Transcribe the listing exactly; drop the images.

[[ Dataset section, beginning ]]

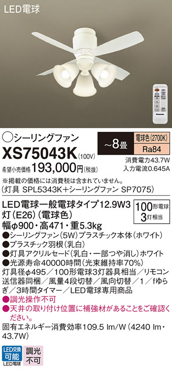 Panasonic ¥·¡¼¥ê¥ó¥°¥Õ¥¡¥ó XS75043K
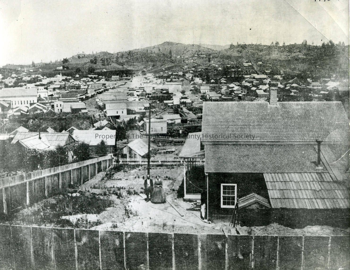 Landscape - Looking north from Maiden Lane across Main Gulch about 1860 Columbia. Unidentified man and woman standing in backyard of a home. Type: Paper
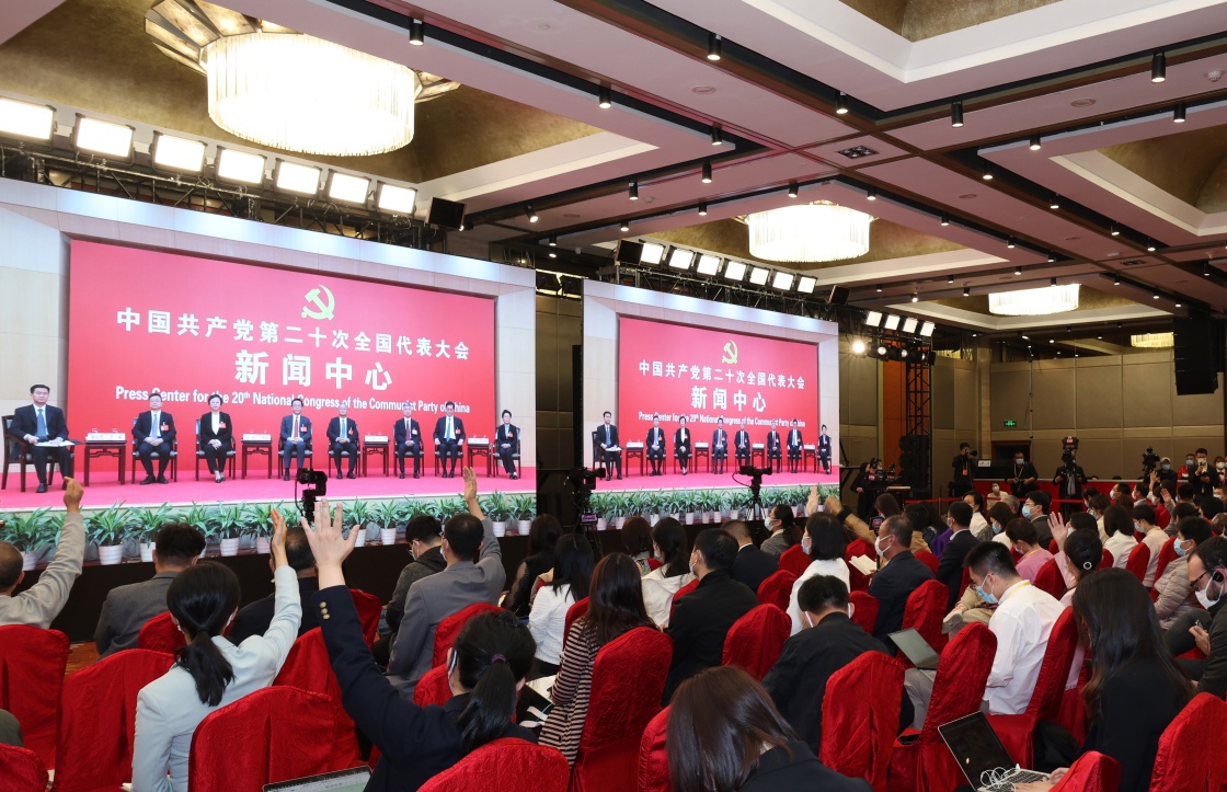 10月19日,中國共產(chǎn)黨第二十次全國代表大會(huì)新聞中心舉行集體采訪。重慶、四川、貴州、云南、西藏、陜西、甘肅代表團(tuán)新聞發(fā)言人出席,介紹代表團(tuán)學(xué)習(xí)討論二十大報(bào)告情況,并回答記者提問。
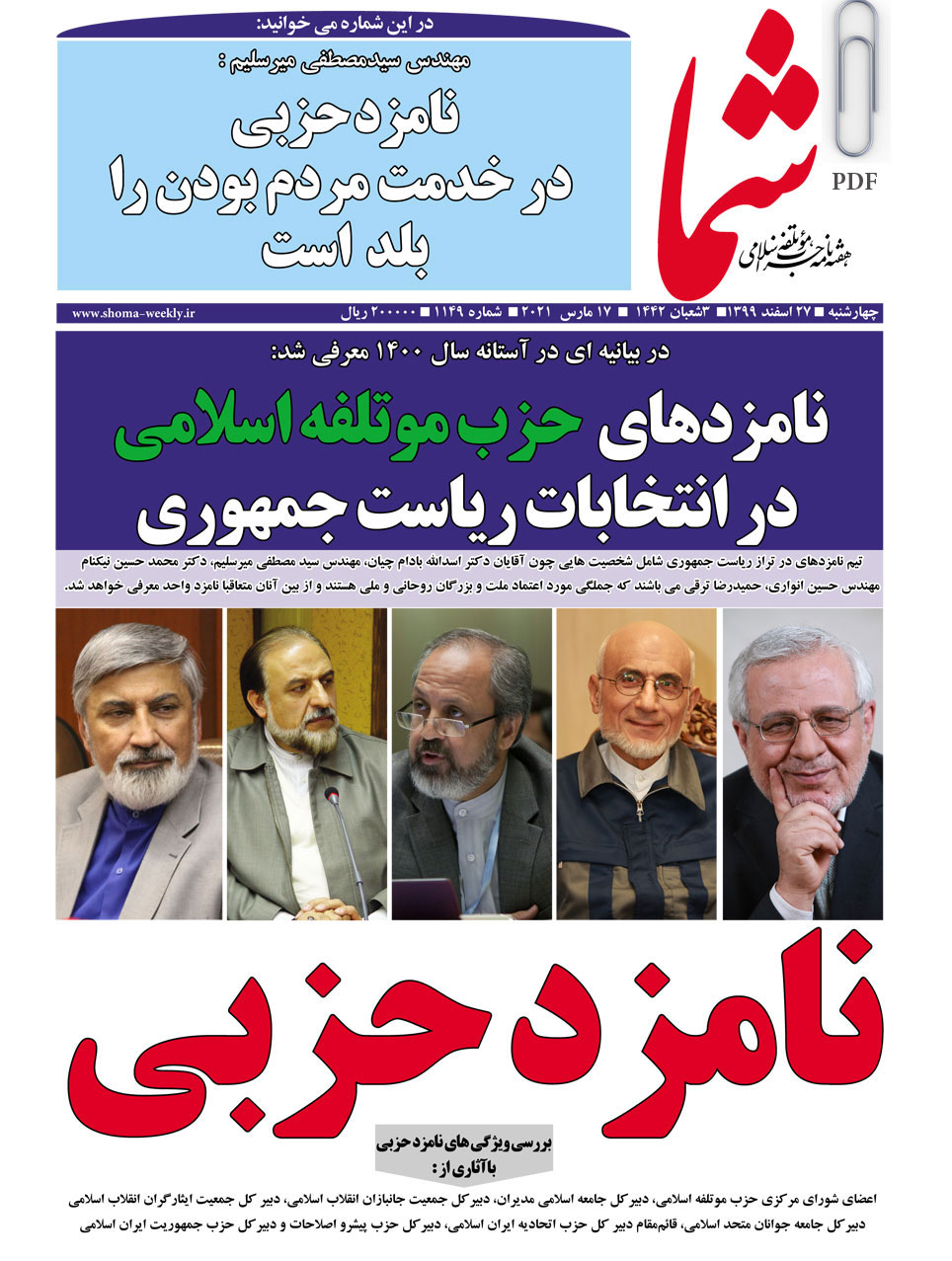 هفته نامه شما در تاریخ 27 اسفندماه 1399 به شماره 1149منتشر گردید. برای دریافت فایل PDF آن اینجا

[[ Dataset section, end ]]

§ Your response:
 Panasonic ¥·¡¼¥ê¥ó¥°¥Õ¥¡¥ó XS75043K
 Landscape - Looking north from Maiden Lane across Main Gulch about 1860 Columbia. Unidentified man and woman standing in backyard of a home. Type: Paper
 10月19日,中國共產(chǎn)黨第二十次全國代表大會(huì)新聞中心舉行集體采訪。重慶、四川、貴州、云南、西藏、陜西、甘肅代表團(tuán)新聞發(fā)言人出席,介紹代表團(tuán)學(xué)習(xí)討論二十大報(bào)告情況,并回答記者提問。
 هفته نامه شما در تاریخ 27 اسفندماه 1399 به شماره 1149منتشر گردید. برای دریافت فایل PDF آن اینجا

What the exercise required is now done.